We're used to the economy consistently growing, at a pace legible to human perception. This is a historical anomaly, and true in the West for maybe 400 years, and mere decades in other places.

Before this, it was very difficult to grow the pie. You were more concerned about slicing it up such that the children didn't starve. Look at the practice of primogeniture, or sending second sons to the navy. The family farm or even ducal holdings never seem to multiply, and if you slice them too fine, you'll be nobility in name alone.

This isn't the case any more! A smart parent, in the 20th century, could start saving and making sensible investments. You can do very well by your kids even if they turn out to be one of the dimmer bulbs in the shed.

While people may feel anxious today, even more so, that's vibes and not based on an assessment of facts or historical reality. Compound interest is a helluva drug, and might even be a better investment than sending your daughter to be an art-ho in Bushwick. The typical worst case scenario is them ending up on SNAP, not starving to death, as might have easily been the case in the past.

I can hardly predict the next decade with confidence, but I believe that money makes everything easier.

My impression is that historical nobility had a lot of status anxiety too! Not just status, but plain finances to boot.

Our impression of historical stability for noble families is also heavily influenced by lying. Dishonesty and outright fraud have always been key elements of creating lineage stories. Cutting both ways!

The ancient frequency of Moses/Oedipus/Cyrus (Herodotus rather than Xenophon)/Arthur sword-in-the-stone myths likely reflects a way to incorporate peasant "risers" into existing lineages. The Hapsburgs were notorious for inventing spurious links to Caesar or Charlemagne. This occurred at lower, and less notable, levels of nobility all the time. A sufficiently rich peasant found a way to claim descent from so and so, and with the right palms greased the write documents were "verified" and no more peasant. I similarly roll my eyes at the western credulity given to claims by Oriental families to have lineages dating back before our earliest written documents, but without evidence to back it up. Accounts of nobility were always historically shaky in poorly documented societies with weak record keeping.

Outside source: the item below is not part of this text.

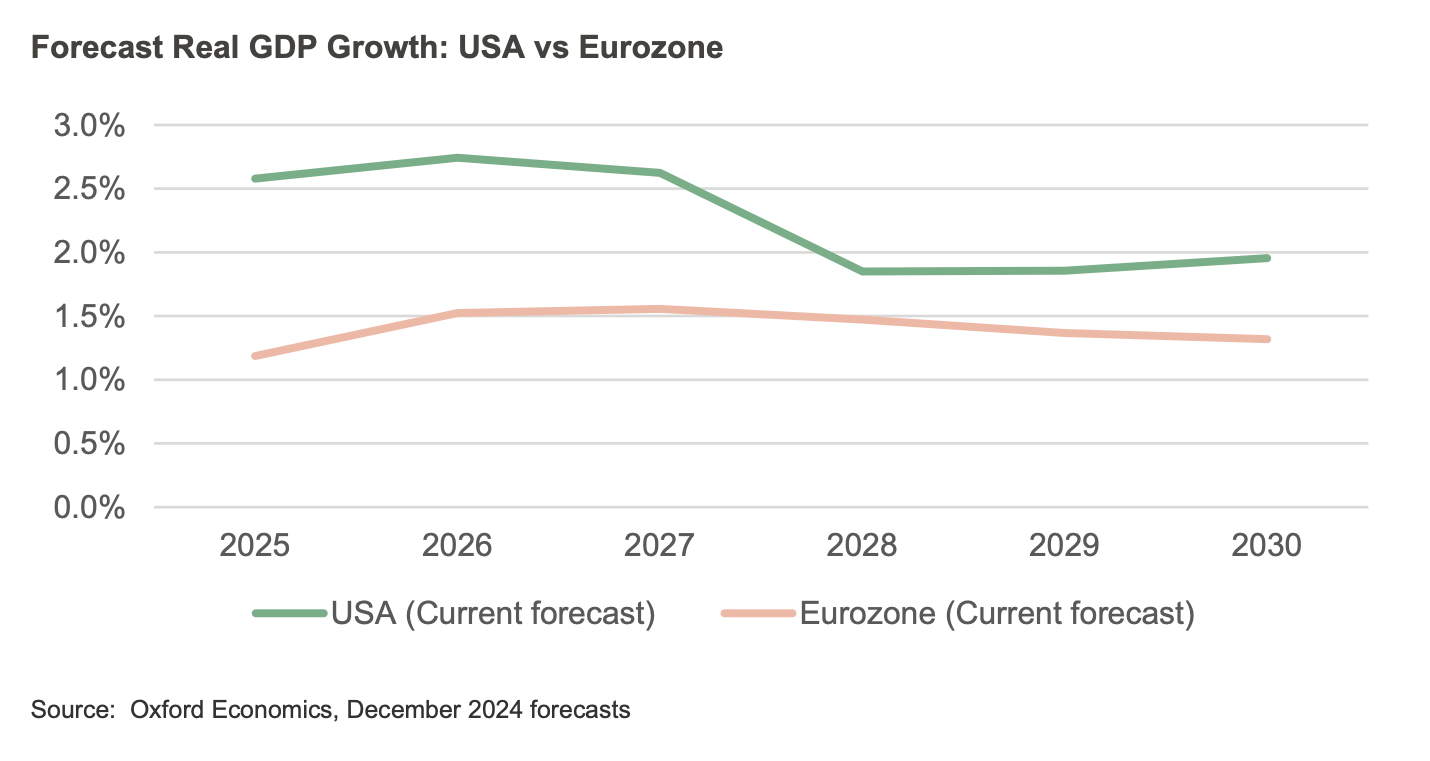 - Potential US tariffs may represent an additional and meaningful headwind for Europe

We now, of course, are so often treated to the opposite in America, false middle class consciousness. Republican family origin stories where dad was a "small business owner" (third generation multi-millionaire) and I worked my way through college (interned with a family friend's finance company); or the international student version where my parents were refugees (oligarchs who fled when their patron was ousted in a coup).